---------- MATERIAL FOR THE TASK

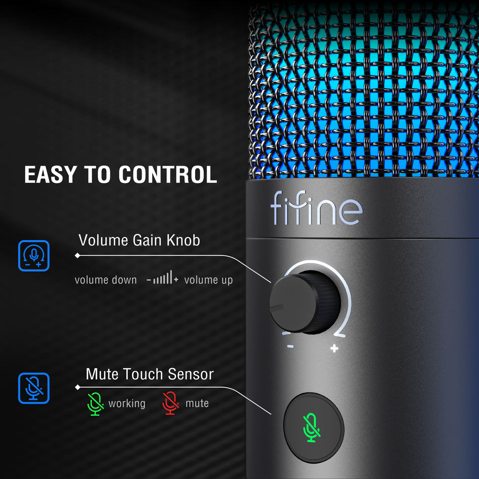 Microphone à condensateur FIFINE T669 PRO, microphone professionnel pour YouTube, microphone d'enregistrement en studio, microphone de jeu RGB
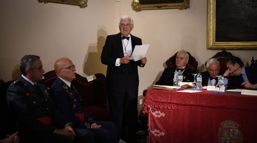 Santiago Herrero León, Secretario Canciller de la Academia, procede a la lectura del acta de nombramiento en presencia de
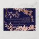 Rose Gold typografi blad blommig marinblå chic vigselsledning med handmålad lövverk. Den marinblå färgen i bakgrunden är fullt anpassningsbar
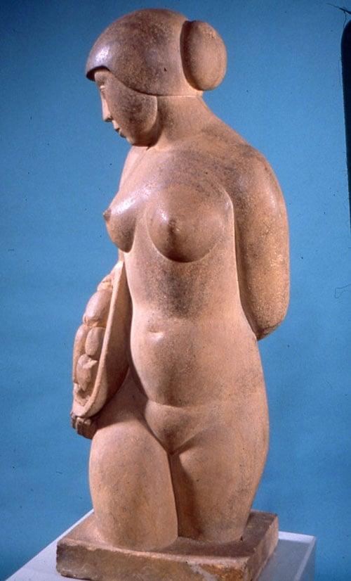 From an unpublished fragment of his autobiography, we learn that the immediate inspiration for this work came to Dobson during his travels in Ceylon in 1924 with the novelist L. H. Myers. His reputation had already been established by the Mansard Gallery's Group X Exhibition four years earlier, and Ezra Pound was soon introducing Dobson to his friends as the saviour of sculpture in Britain. Roger Fry applauded the clay sketch for Cornucopia in 1925 as something quite out of the ordinary, and in 1927 Clive Bell congratulated its author on a masterpiece without a British rival. It is certainly one of the most important modern carvings produced in this country before the advent of Henry Moore and Barbara Hepworth.
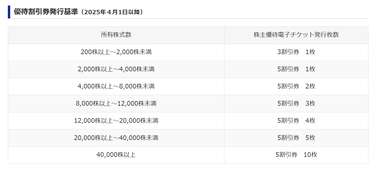 2,000株を3年以上保有で「50%割引券×1枚」を追加贈呈
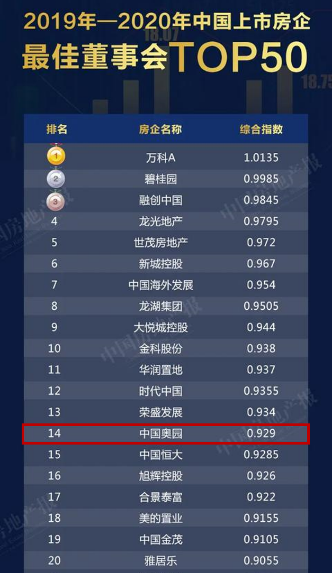 穩(wěn)健治理成就千億龍頭 中國奧園躍登上市房企董事會(huì)第14名
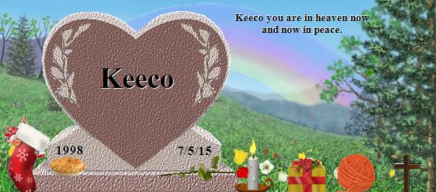 I am so sorry to hear about your loss of Keeco. Please find comfort in knowing that Keeco is now at Rainbows Bridge and making lots of friends. Saying goodbye is never easy. I also lost my precious cat Spooky July 30th 2001 after 16 wonderful years with her. On January 11, 2013, I lost my faithful friend Hannah who was a beautiful blue tick hound dog. On August 2, 2013 another one of my beautiful cats, Sammi, a black and white tabby, went to Rainbows Bridge. April 9, 2014, Maci, my English Bulldog passed over to Rainbows Bridge. Maci and Hannah were best friends. I am sure that Keeco and my babies have all become good friends. You can visit with Spooky at: http://www.rainbowsbridge.com/residents/Spook002/resident.HTM Take Care, Susan
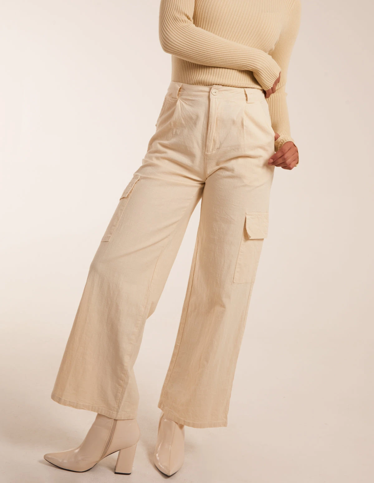 Formal pocket front linen wide leg trousers will add a touch of sophistication whatever you team them with! Whether you team these with trainers or heels these will be your go to all season long!
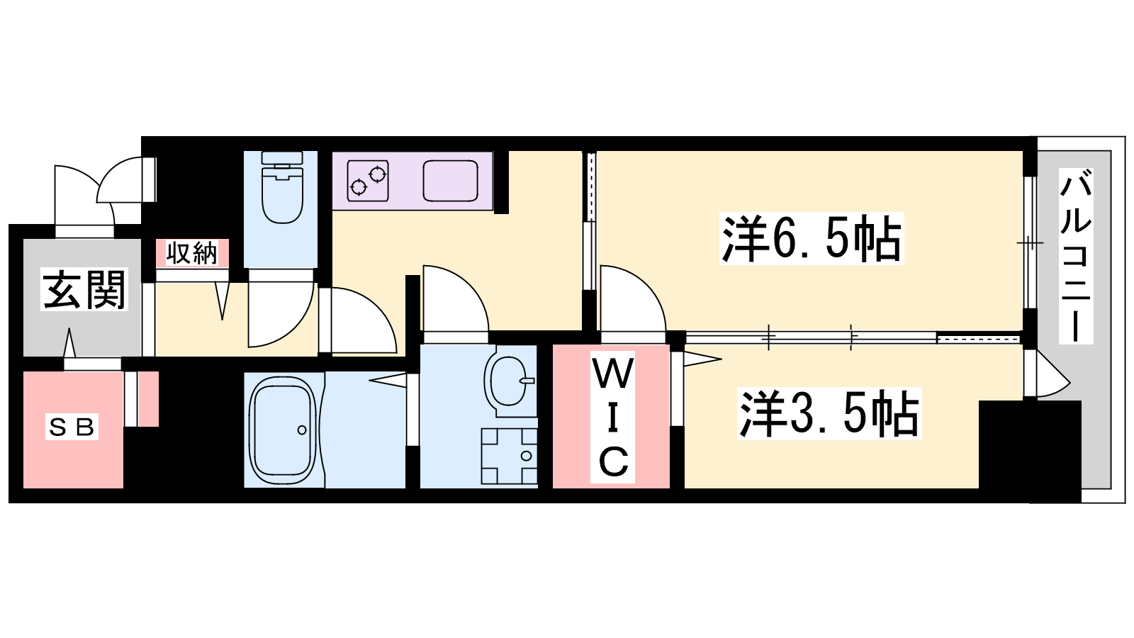 - 洋室6.5帖、洋室3.5帖
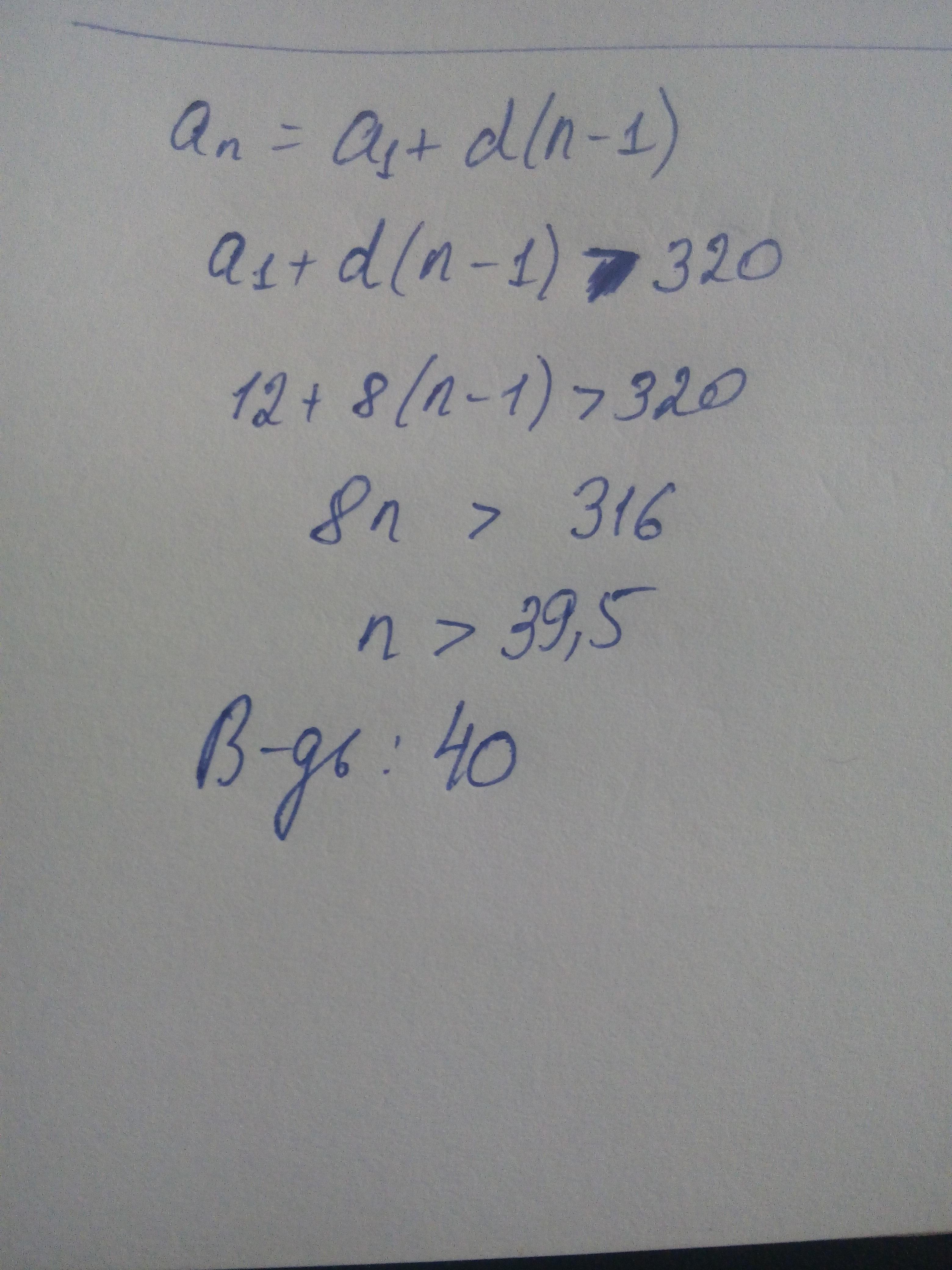 Помогите пожалуйста кто знает математику. первый член арифметической прогрессии равен 12 а её разность равна 8. Начиная с какого номера члены этой прогрессии больше 320. Срочнооооо!
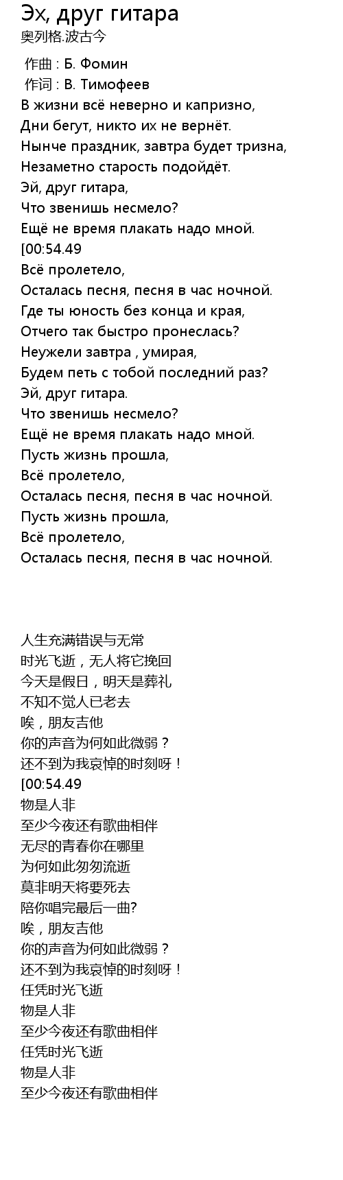 Эх, друг гитара , Lyrics
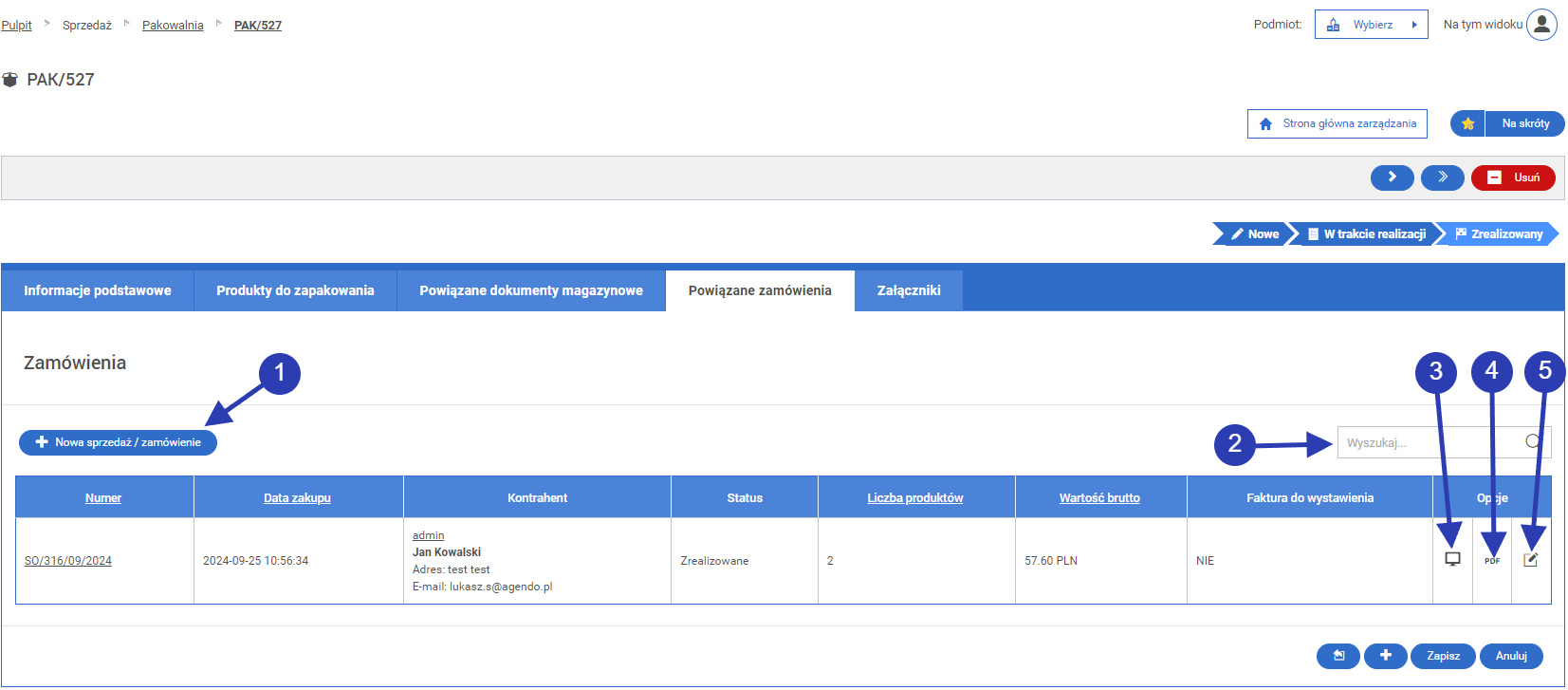 Ikona edycji przekierowująca do ekranu z informacjami na temat zamówienia. Niektóre pola mogą być niedostępne do edycji z powodu zrealizowanego statusu zamówienia.
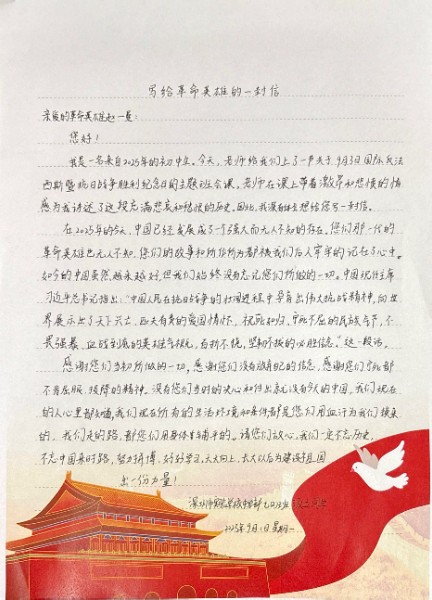 9月3日9时,中学部全体师生通过转播全程观看纪念活动直播,同学们深受鼓舞,挥笔写下感想,立志铭记历史,奋发图强。
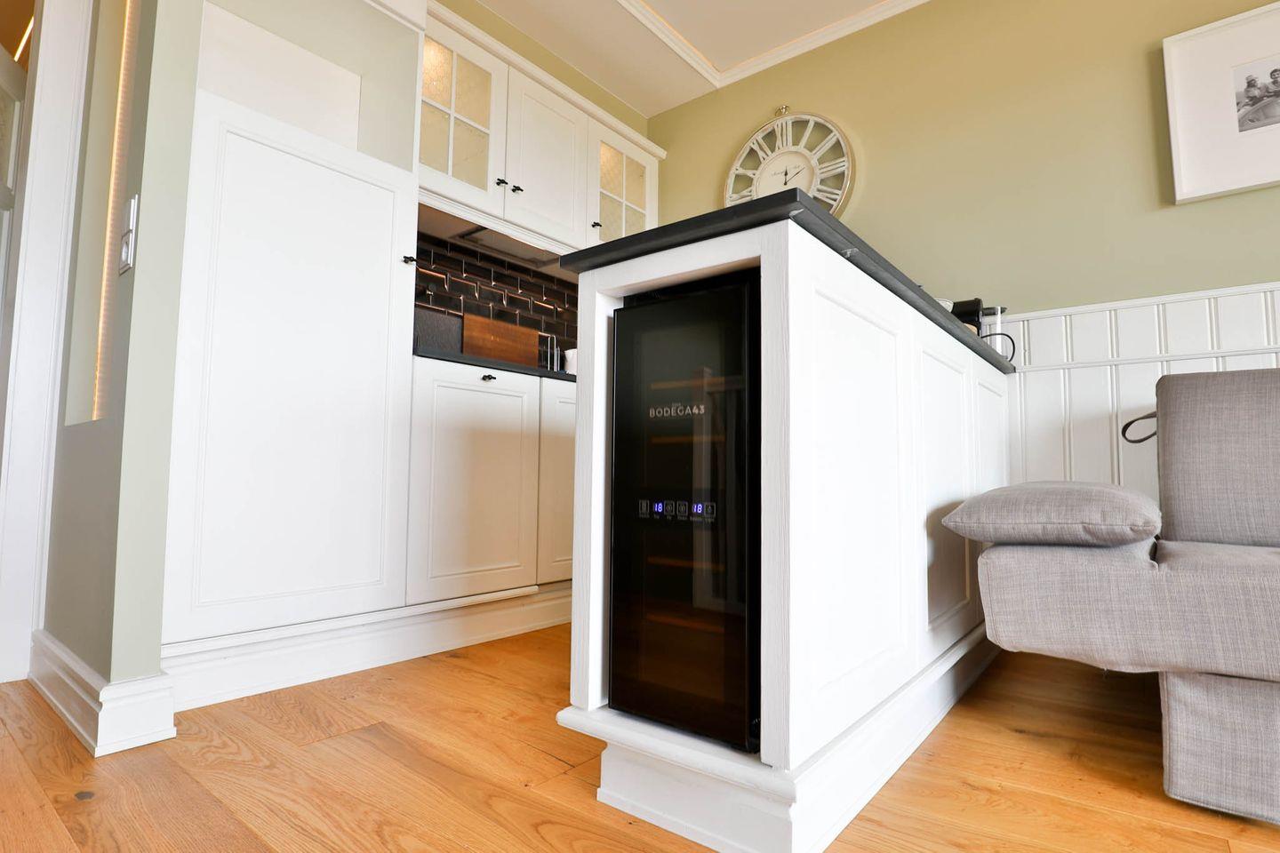 Wasserdampf-Kamin, integrierter Küchenzeile mit Weinkühlschrank, Essbereich und Zugang zur
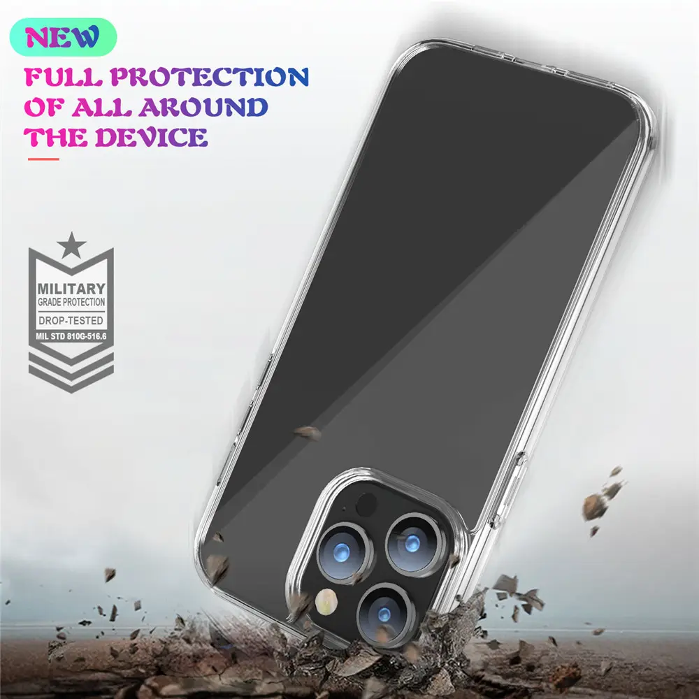 For iPhone 15 Pro Max Clear Case Slim Fit Hard PC Backplane Soft TPU Bumper Phone Case for iPhone 14 Plus 13 12 11 Pro Max X XS
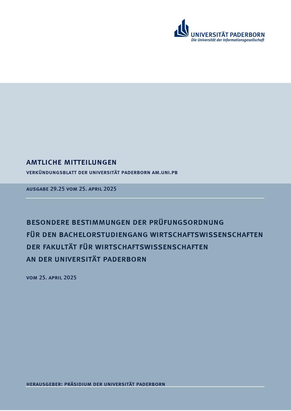 Besondere Bestimmungen der Prüfungsordnung für den Bachelorstudiengang Wirtschaftswissenschaften der Fakultät für Wirtschaftswissenschaften an der Universität Paderborn : vom 25. April 2025
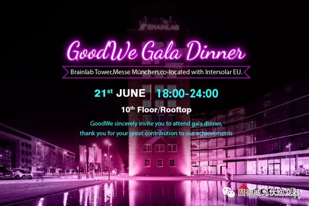 为了答谢广大客户的支持,固德威精心准备了丰盛的晚宴,搭建沟通平台,盛夏之夜三五好友一起聊聊世界杯,聊聊新能源,聊聊未来,无比惬意,6月21日18:00-24:00邀上好友盛装出席吧!

--------------------

_EXERCISE PROMPT_
Print, with pictures removed, exactly the lines of the records above from the top through the line containing "Rose Gold typografi".

_SOLVED PROBLEM_
 Microphone à condensateur FIFINE T669 PRO, microphone professionnel pour YouTube, microphone d'enregistrement en studio, microphone de jeu RGB
 Santiago Herrero León, Secretario Canciller de la Academia, procede a la lectura del acta de nombramiento en presencia de
 Rose Gold typografi blad blommig marinblå chic vigselsledning med handmålad lövverk. Den marinblå färgen i bakgrunden är fullt anpassningsbar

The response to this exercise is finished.